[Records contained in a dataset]

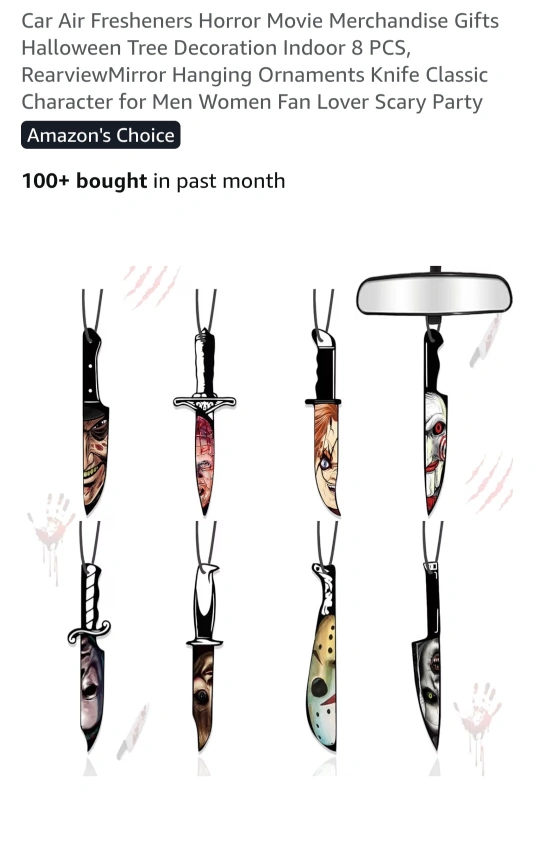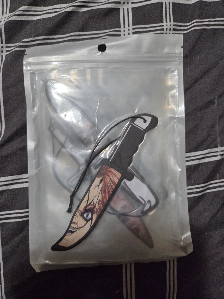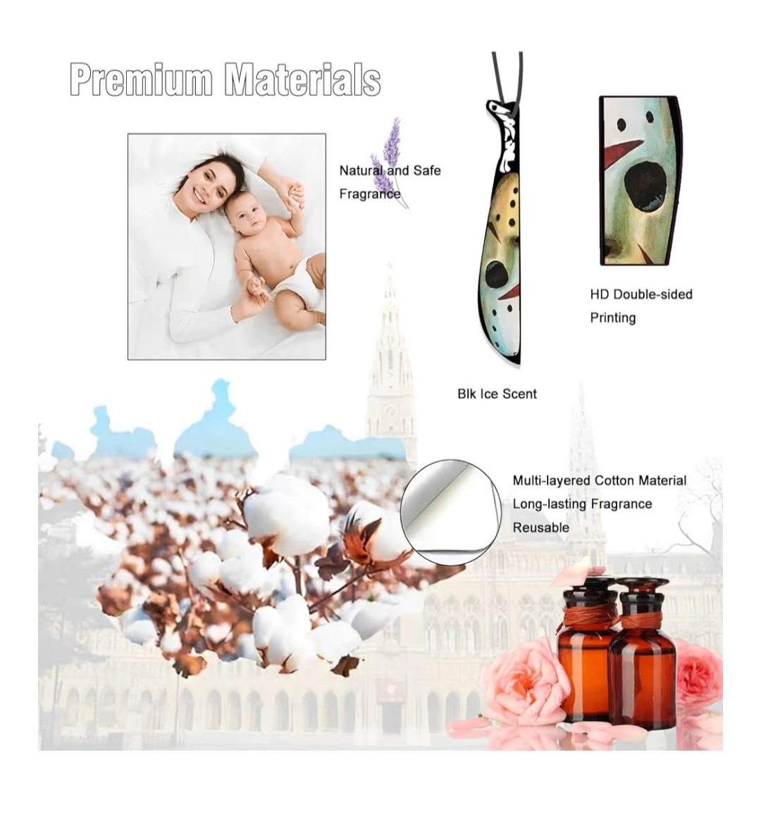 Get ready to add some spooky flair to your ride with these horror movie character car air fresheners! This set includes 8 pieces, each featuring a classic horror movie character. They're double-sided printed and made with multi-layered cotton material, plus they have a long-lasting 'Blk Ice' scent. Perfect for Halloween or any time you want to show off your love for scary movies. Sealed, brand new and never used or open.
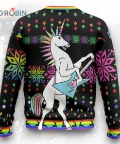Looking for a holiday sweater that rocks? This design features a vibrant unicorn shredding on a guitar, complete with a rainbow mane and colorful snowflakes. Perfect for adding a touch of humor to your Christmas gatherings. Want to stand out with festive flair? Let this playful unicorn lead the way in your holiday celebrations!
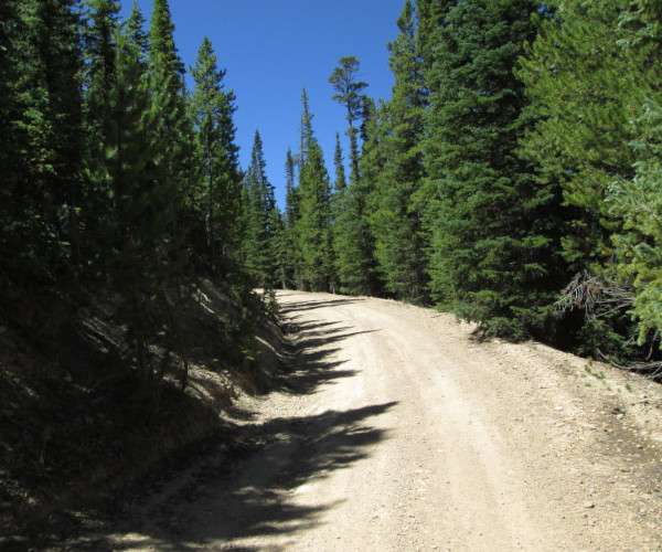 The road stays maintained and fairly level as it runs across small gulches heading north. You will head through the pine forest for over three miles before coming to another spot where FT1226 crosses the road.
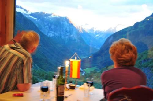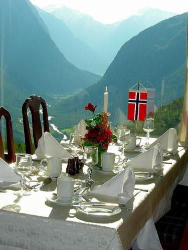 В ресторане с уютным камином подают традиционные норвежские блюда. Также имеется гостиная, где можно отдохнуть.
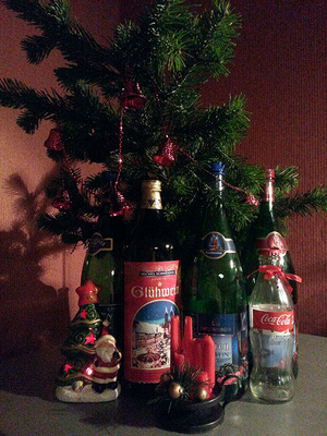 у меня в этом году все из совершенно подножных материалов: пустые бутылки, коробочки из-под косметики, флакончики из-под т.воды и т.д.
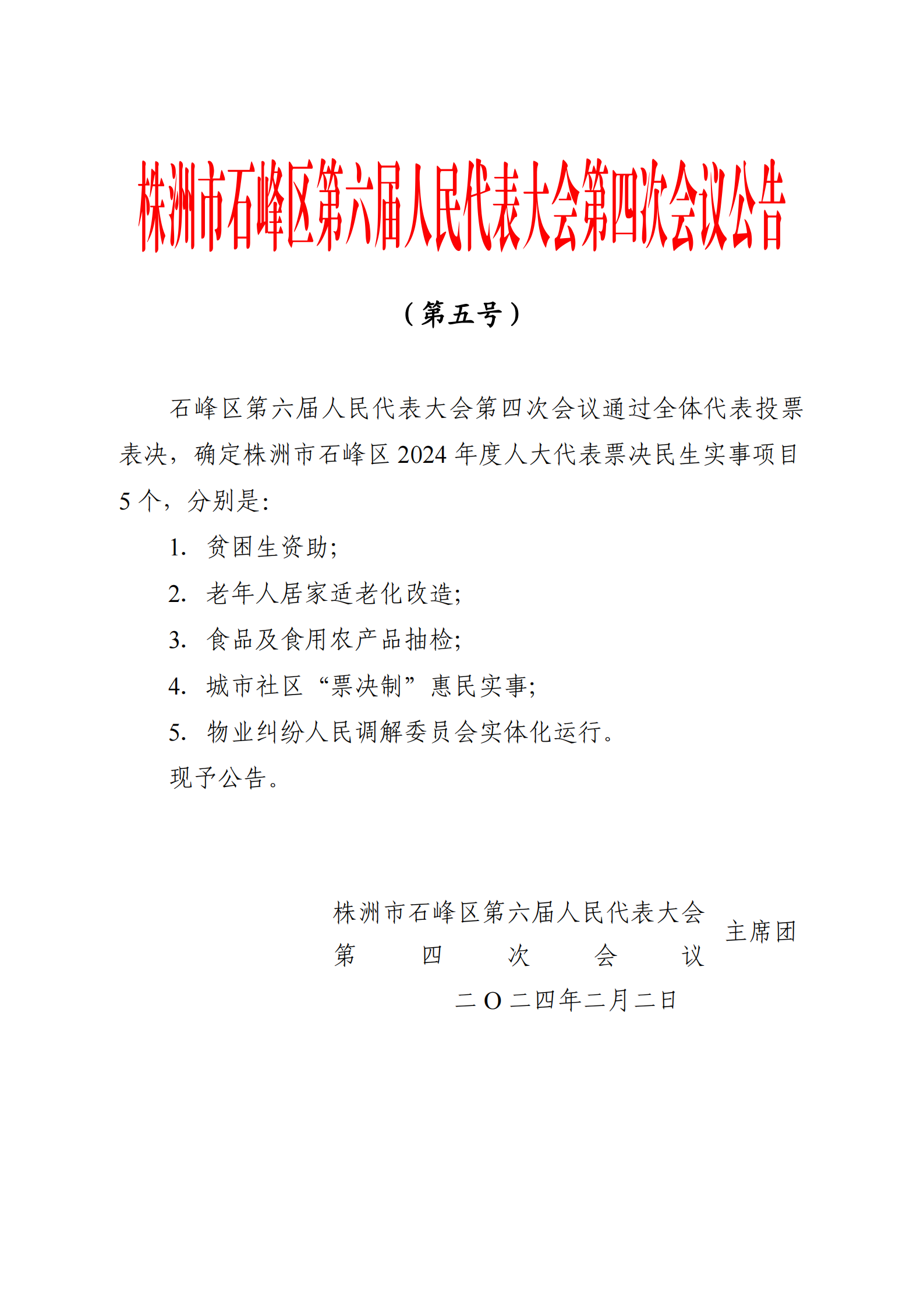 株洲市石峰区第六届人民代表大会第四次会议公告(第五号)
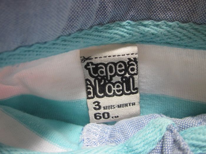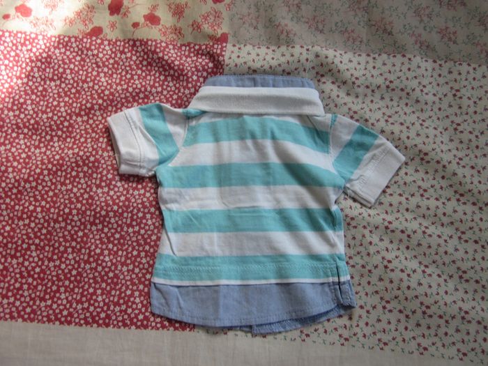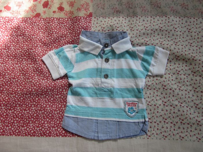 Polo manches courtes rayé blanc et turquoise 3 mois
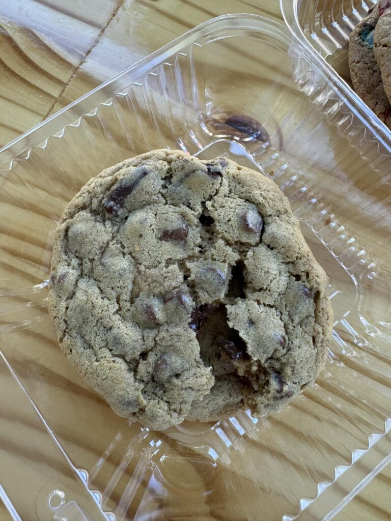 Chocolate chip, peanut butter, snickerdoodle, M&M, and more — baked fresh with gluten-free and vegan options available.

Directions
In the copy, include exactly the lines from the one with "The road stays" through the final line of the data, both ends included, and no pictures.

Solution
 The road stays maintained and fairly level as it runs across small gulches heading north. You will head through the pine forest for over three miles before coming to another spot where FT1226 crosses the road.
 В ресторане с уютным камином подают традиционные норвежские блюда. Также имеется гостиная, где можно отдохнуть.
 у меня в этом году все из совершенно подножных материалов: пустые бутылки, коробочки из-под косметики, флакончики из-под т.воды и т.д.
 株洲市石峰区第六届人民代表大会第四次会议公告(第五号)
 Polo manches courtes rayé blanc et turquoise 3 mois
 Chocolate chip, peanut butter, snickerdoodle, M&M, and more — baked fresh with gluten-free and vegan options available.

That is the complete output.